What is the stepped-up basis, and does the OBBB change it?

The stepped-up basis means that when you die, your heirs’ cost basis in inherited assets is “stepped up” to the fair market value at the date of death. This eliminates unrealized capital gains. The OBBB does not change the stepped-up basis rules. This is a significant benefit that remains intact.

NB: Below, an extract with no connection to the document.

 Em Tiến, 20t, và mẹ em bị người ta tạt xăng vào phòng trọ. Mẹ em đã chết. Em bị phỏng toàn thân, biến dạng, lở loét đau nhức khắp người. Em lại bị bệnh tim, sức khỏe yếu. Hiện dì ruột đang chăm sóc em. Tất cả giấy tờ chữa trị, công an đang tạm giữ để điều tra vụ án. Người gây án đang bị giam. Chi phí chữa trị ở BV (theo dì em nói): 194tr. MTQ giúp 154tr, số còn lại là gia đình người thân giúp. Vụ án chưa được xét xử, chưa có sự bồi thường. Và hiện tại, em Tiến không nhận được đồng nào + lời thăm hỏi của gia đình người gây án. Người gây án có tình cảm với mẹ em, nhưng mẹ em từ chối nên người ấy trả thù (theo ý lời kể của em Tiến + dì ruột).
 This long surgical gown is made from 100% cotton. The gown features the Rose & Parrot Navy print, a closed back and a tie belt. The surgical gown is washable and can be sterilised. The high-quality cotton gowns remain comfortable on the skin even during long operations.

Can Congress change the exemption later?

Yes. Congress can always modify tax law. The word “permanent” means there is no built-in sunset, but future legislation could raise, lower, or eliminate the exemption. Financial planning should account for this possibility, though there is currently no pending legislation to reduce it.

How do I file Form 706?

Form 706 (United States Estate (and Generation-Skipping Transfer) Tax Return) must be filed within 9 months of the decedent’s death. Extensions of up to 6 months are available. Even if no tax is owed, filing is recommended to elect portability. The form is complex and typically requires a tax professional or estate attorney. For general IRS filing deadlines, see our filing guide.

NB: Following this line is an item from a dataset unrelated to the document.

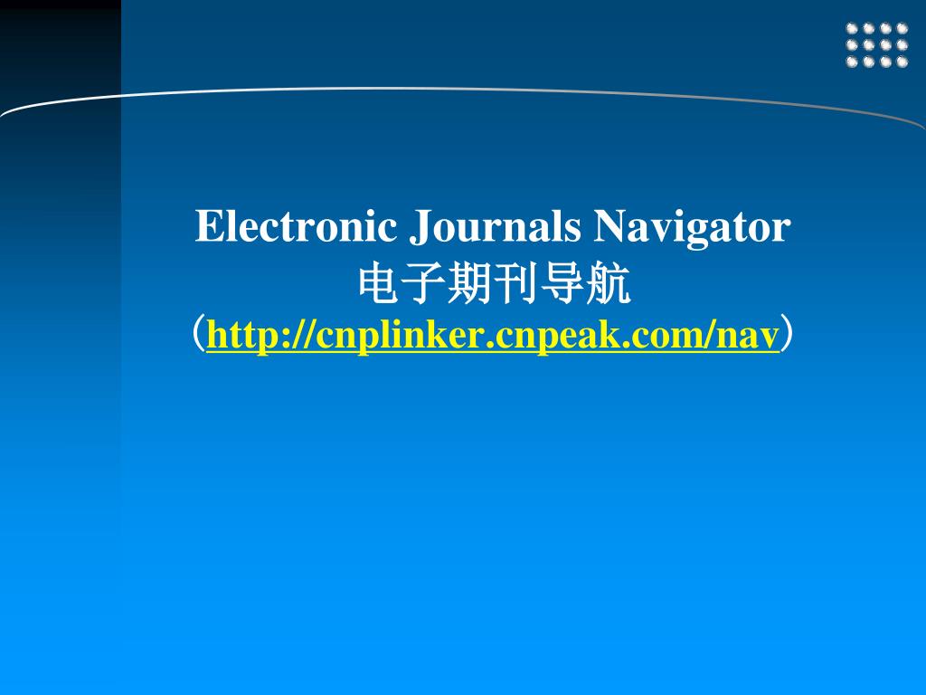 Electronic Journals Navigator电子期刊导航(http://cnplinker.cnpeak.com/nav)

Does the estate tax apply to inherited retirement accounts?

Retirement accounts (IRAs, 401(k)s) are included in the gross estate for estate tax purposes. However, they are also subject to income tax when distributions are taken by the heirs. This can create a double-tax situation for very large estates. Roth accounts avoid the income tax component since qualified Roth distributions are tax-free. Learn more about tax planning in our tax deductions guide.

What about the gift tax?

The gift tax and estate tax share a unified ~$15 million lifetime exemption. Gifts above the ~$19,000 annual exclusion count against your lifetime exemption. There is no separate gift tax exemption. See our IRS refund tracker for information on processing timelines for filed returns.


Key Takeaways

  1. The federal estate tax exemption is now permanently set at $15 million per individual ($30 million MFJ)
  2. There is no sunset — the exemption does not expire
  3. The 40% tax rate applies to estate values exceeding the exemption
  4. Portability allows surviving spouses to use unused exemption (but Form 706 must be filed)
  5. State estate taxes may still apply at much lower thresholds
  6. The “use it or lose it” urgency from the TCJA sunset is eliminated
  7. Estate planning remains important for asset protection, state taxes, and income tax optimization
  8. For a complete overview of all OBBB changes, see the One Big Beautiful Bill tax changes guide

Tax Disclaimer: This article is for informational purposes only and does not constitute professional tax advice. Tax laws are subject to change, and individual circumstances vary. Consult a qualified tax professional or estate planning attorney for guidance specific to your situation. Visit IRS.gov for official information on the federal estate tax.